Ilija Katić

Personal information
- Date of birth: 20 July 1945 (age 79)
- Place of birth: Donji Hasić, Yugoslavia
- Position(s): Striker

Senior career*
- Years: Team / Apps / (Gls)
- 0000–1962: NK Mladost Hasić
- 1962–1964: Borac Bos. Šamac
- 1964–1967: Slavonija Osijek
- 1968–1973: Partizan / 133 / (29)
- 1973–1976: FC Zürich / 75 / (50)
- 1976–1977: Burgos / 31 / (4)
- 1977–1978: Neuchâtel Xamax / 9 / (2)
- 1979–1980: La Chaux-de-Fonds / 19 / (1)

International career
- 1968–1969: Yugoslavia / 4 / (0)

Managerial career
- 1978–1980: La Chaux-de-Fonds

Medal record
Men's Football
Representing Yugoslavia
Mediterranean Games
| Gold medal – first place | 1971 Izmir | Team competition |

= Ilija Katić =

Serbian footballer (born 1945)

Ilija Katić (Илија Катић; born 20 July 1945) is a former professional football player and coach.

==Club career==
Katić began playing with his home-town club NK Mladost D Hasić. In 1962 he joined FK Borac Šamac where he stayed two seasons. He joined NK Osijek in 1964, named NK Slavonija back then, and played in the Yugoslav Second League. In 1967, he moved to giants FK Partizan where stayed until 1973 and became a national team player.

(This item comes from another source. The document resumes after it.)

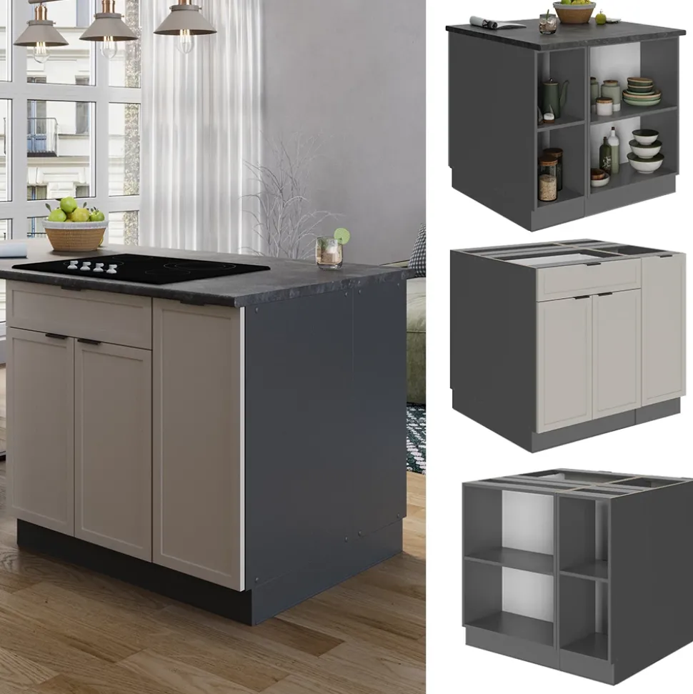 - Die Kochinsel für die Küche bietet zusätzliche Module, die nach Belieben umgestellt werden können. Die MDF-Fronten verleihen dem Produkt ein modernes und stilvolles Design.

In 1973, he moved abroad and joined Swiss side FC Zürich where he played the next three seasons. In 1976, he played one season in Spain with La Liga side Burgos CF and later returned to Switzerland and played in top league sides Neuchâtel Xamax and FC La Chaux-de-Fonds. He finished his career in Liechtenstein and became a coach.

==International career==
Katić played four matches for the Yugoslavia national team in 1968 and 1969.

==Honours==
FC Zürich
- Swiss Super League: 1973–74, 1974–75, 1975–76
- Swiss Cup: 1975–76

Individual
- Swiss Super League Best Foreign Player (2): 1974–75, 1975–76
- Swiss Super League top scorer: 1974–75 (23 goals)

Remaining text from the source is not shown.